── Supplied information

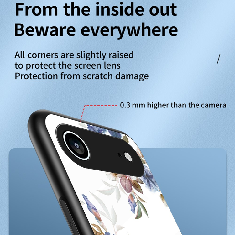 Med en flexibel TPU-ram är skalet enkelt att sätta på och ta av, samtidigt som det ger ett bekvämt grepp i handen. Baksidan i härdat glas har hög reptålighet och skyddar din mobil mot repor och vardagligt slitage. Dessutom har skalet upphöjda kanter runt både kamera och skärm för extra skydd mot repor och stötar där det behövs mest.
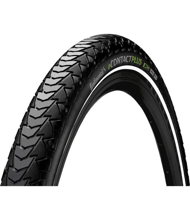 Contintental buitenband eContact Plus 20 x 2.20 kleur zwart, met reflectie. Speciaal ontwikkeld voor het woon-werkverkeer en de belasting van e-bikes. Deze band met hoge kilometrage heeft een compact loopvlakpatroon om de rolweerstand laag te houden, waardoor het bereik van elke batterijlading wordt vergroot. Dankzij het unieke loopvlak en de vooruitgang van de Continental-constructietechnologieën biedt de eContact Plus een bijzonder hoge bescherming tegen spijkers, glas en grotere gevaren.
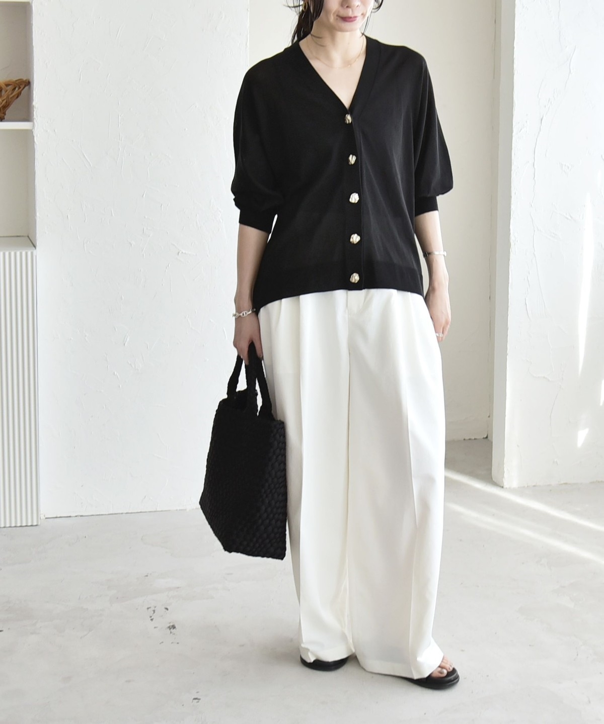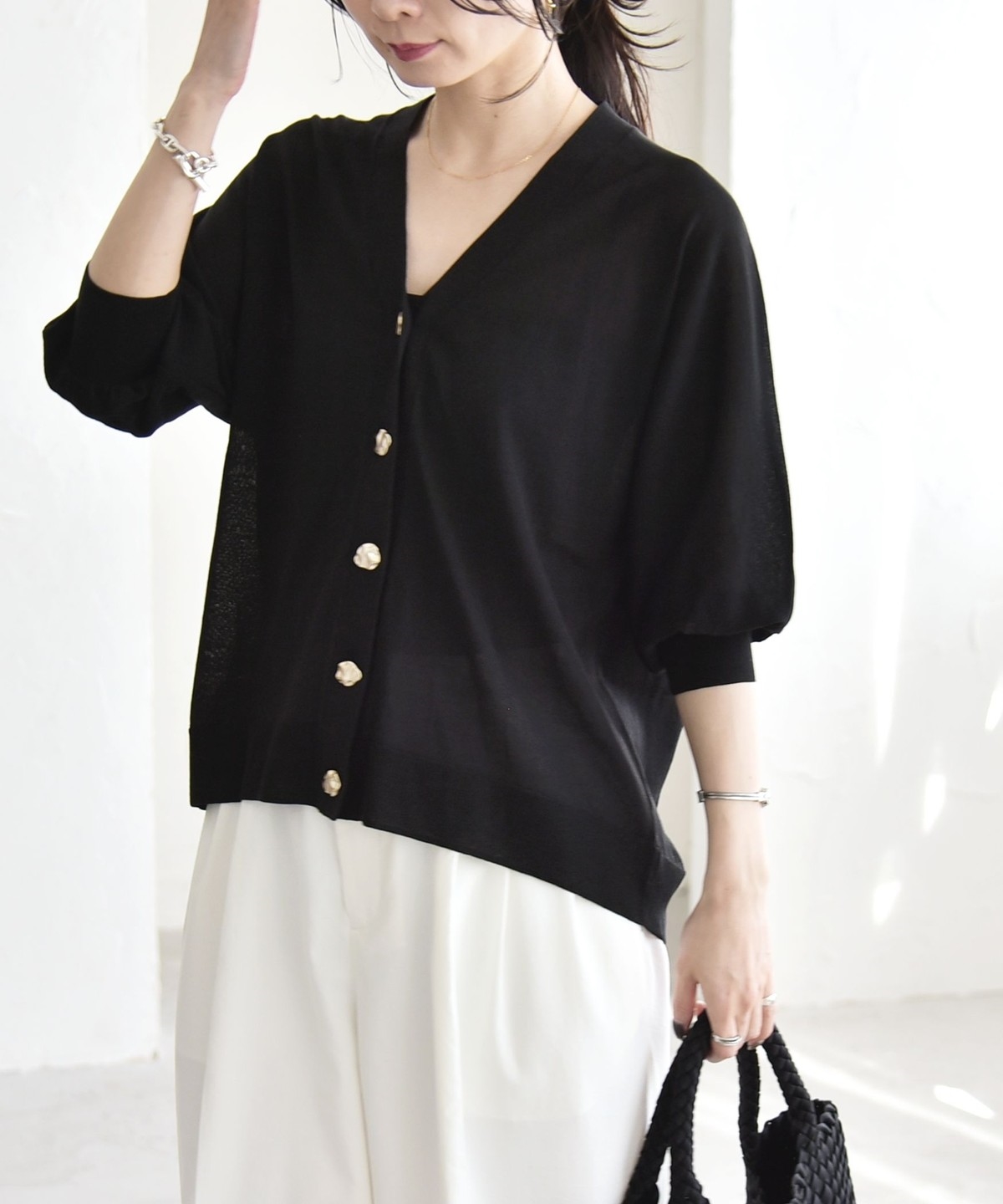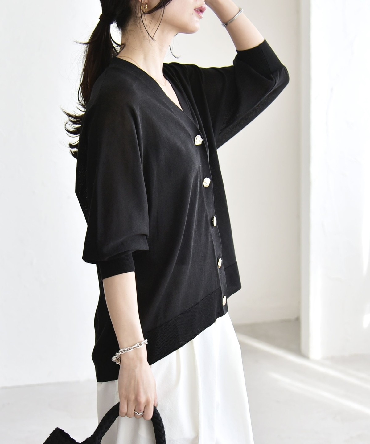 > > >  > 《予約》quaranciel:〈接触冷感/手洗い可能〉メタルボタン Vネック シアー ニット カーディガン

────

◆ **Description of the task**
Reproduce the material word for word, pictures excluded.

◆ **Exercise response**
 Med en flexibel TPU-ram är skalet enkelt att sätta på och ta av, samtidigt som det ger ett bekvämt grepp i handen. Baksidan i härdat glas har hög reptålighet och skyddar din mobil mot repor och vardagligt slitage. Dessutom har skalet upphöjda kanter runt både kamera och skärm för extra skydd mot repor och stötar där det behövs mest.
 Contintental buitenband eContact Plus 20 x 2.20 kleur zwart, met reflectie. Speciaal ontwikkeld voor het woon-werkverkeer en de belasting van e-bikes. Deze band met hoge kilometrage heeft een compact loopvlakpatroon om de rolweerstand laag te houden, waardoor het bereik van elke batterijlading wordt vergroot. Dankzij het unieke loopvlak en de vooruitgang van de Continental-constructietechnologieën biedt de eContact Plus een bijzonder hoge bescherming tegen spijkers, glas en grotere gevaren.
 > > >  > 《予約》quaranciel:〈接触冷感/手洗い可能〉メタルボタン Vネック シアー ニット カーディガン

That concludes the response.